## DATA EXCERPT
((

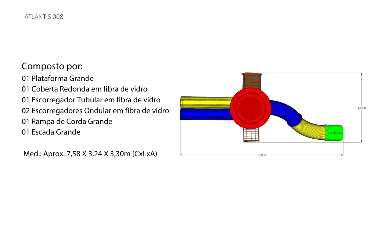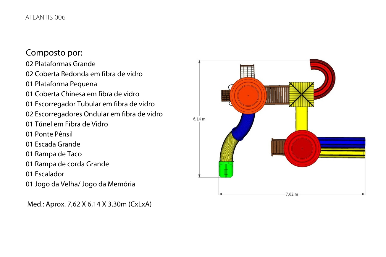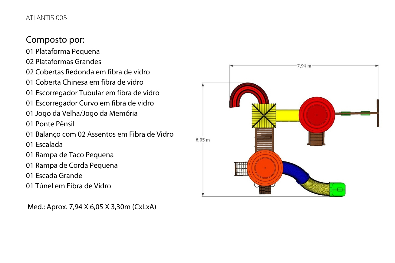 Mais uma Linha perfeita para a garotada se divertir! Essa é a nossa Linha Atlantis, que além de super colorida, possui escorregadores tubulares entre outros equipamentos, para deixar o espaço ainda mais otimizado com muitas opções de brincadeiras para as crianças. Assim como as outras linhas da Brinq & Play, ela é produzida em eucalipto autoclavado, madeira de lei, com um acabamento das peças feito com lixamento e aplicação de Osmocolor Stain. Os escorregadores, cobertas e túneis são feitos em fibra de vidro.
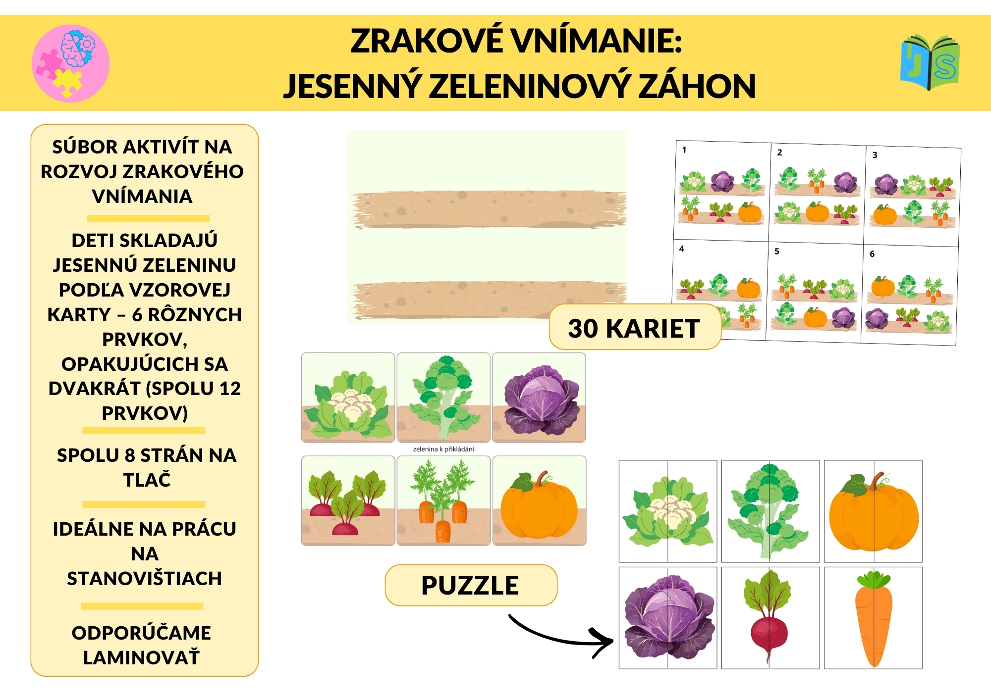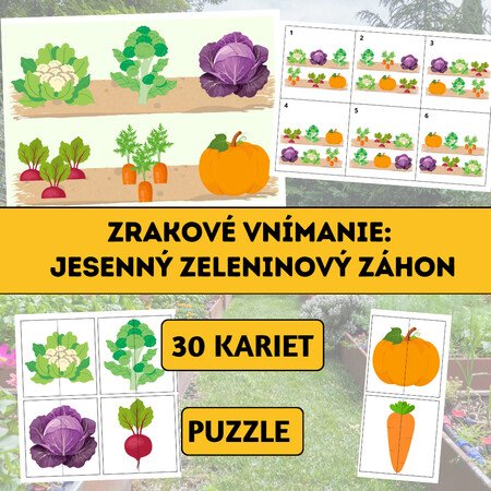 Súbor Zrakové vnímanie: Jesenný zeleninový záhon je zameraný na rozvoj zrakového vnímania, koncentrácie pozornosti, vizuálnej pamäti a priestorovej orientácie.
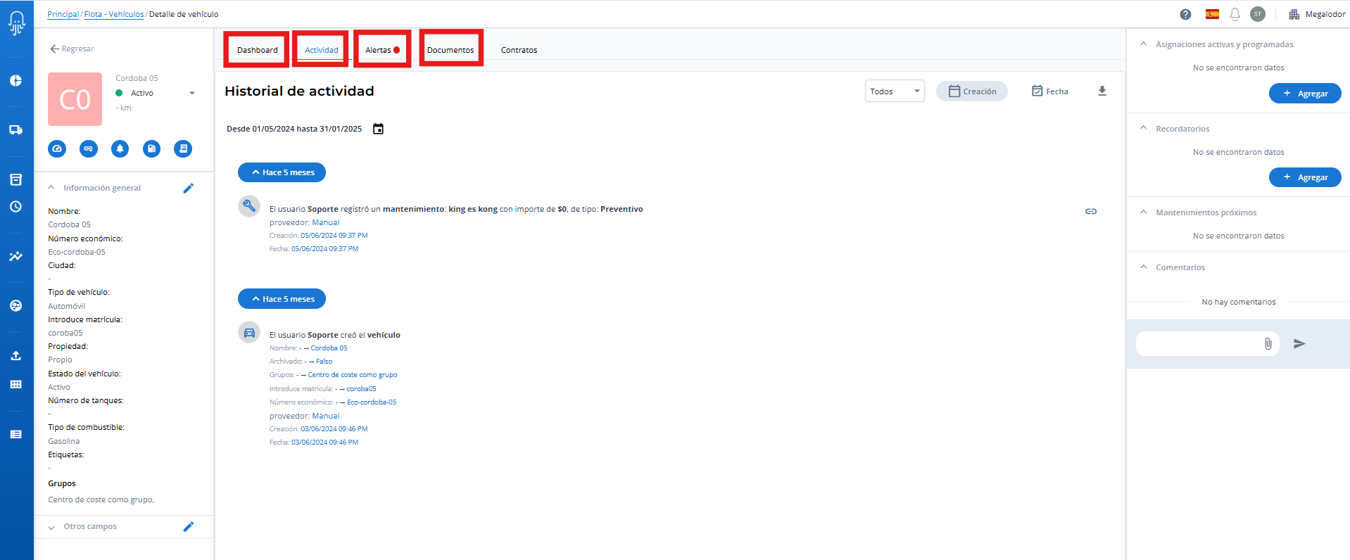 Asignaciones: Gestiona qué conductores o equipos tienen asignado el vehículo.
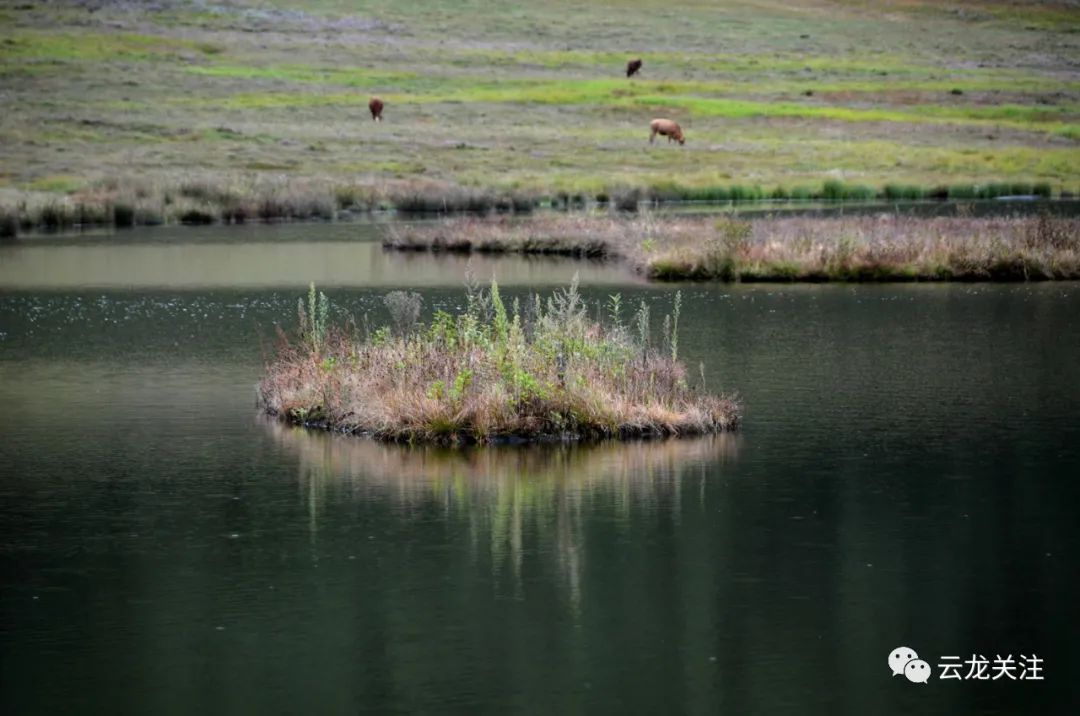犹如绣毯草甸中央有个大水塘微风拂来

))

## EXERCISE
Everything in the material except the pictures should be output verbatim.

## EXERCISE ANSWER
 Mais uma Linha perfeita para a garotada se divertir! Essa é a nossa Linha Atlantis, que além de super colorida, possui escorregadores tubulares entre outros equipamentos, para deixar o espaço ainda mais otimizado com muitas opções de brincadeiras para as crianças. Assim como as outras linhas da Brinq & Play, ela é produzida em eucalipto autoclavado, madeira de lei, com um acabamento das peças feito com lixamento e aplicação de Osmocolor Stain. Os escorregadores, cobertas e túneis são feitos em fibra de vidro.
 Súbor Zrakové vnímanie: Jesenný zeleninový záhon je zameraný na rozvoj zrakového vnímania, koncentrácie pozornosti, vizuálnej pamäti a priestorovej orientácie.
 Asignaciones: Gestiona qué conductores o equipos tienen asignado el vehículo.
犹如绣毯草甸中央有个大水塘微风拂来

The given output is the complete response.